Most of the content of the nine disability surveys conducted by the ABS is comparable. There are differences, however, as more recent surveys have tried to get better coverage of disability and of specific tasks and activities previously thought to be too sensitive for a population survey.
Only a small number of minor changes were made to the content between the 2018 and 2015 SDAC.
For further information on the comparability of data items between SDAC 2015 and 2018 and new 2018 data items see the 2018 SDAC Data Item List.

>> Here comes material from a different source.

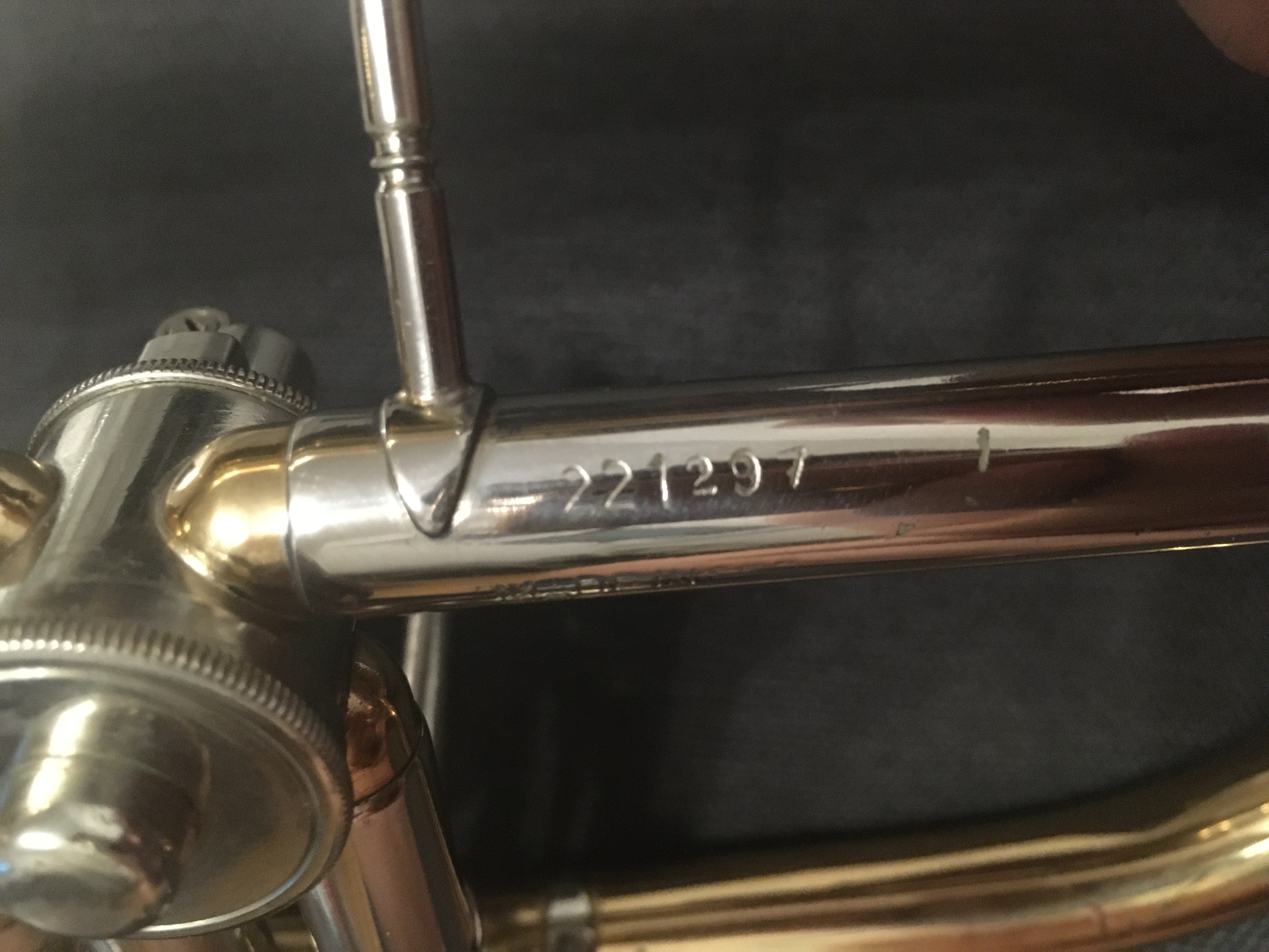 Ich habe schon viele Flügelhörner gespielt und so wie dieses hat mich bisher noch keines auf Anhieb begeistert. Es handelt sich um ein B&S, welches mir leider kaum mehr Informationen liefert. In die Mundrohraufnahme ist ein E geprägt, es trägt eine sechsstellige Nummer (221297) und darunter steht Made in xxx (GER?) sehr schlecht leserlich. Ich würde gerne mehr über das Instrument erfahren und hoffe ihr könnt mir einige Informationen über das nette Horn geben. Liebe Grüße

This publication contains tables and a summary of findings to assist with the interpretation of the results of the survey. Detailed Methodology, a Technical Note on Reliability of Estimates and a Glossary are also included, providing information on the terminology, classifications and other technical aspects associated with these statistics.
Estimates and associated RSEs and MoEs for proportions are available in Excel spreadsheets, which can be accessed from the Downloads tab. Subject to standard error and confidentiality constraints, a series of tables will be produced for each state and territory. These tables will be available from the ABS website in early 2020.
Detailed microdata was released on the ABS website on 24 October 2019. It is expected that a TableBuilder and a basic CURF will be produced from the SDAC, subject to the approval of the Australian Statistician. Organisations will be able to register for access to the basic CURF in early 2020. For further details, refer to the Microdata Entry Page on the ABS website.
Special tabulations of SDAC data are available on request for a fee. Tabulations can be produced from the survey subject to confidentiality and sampling variability constraints.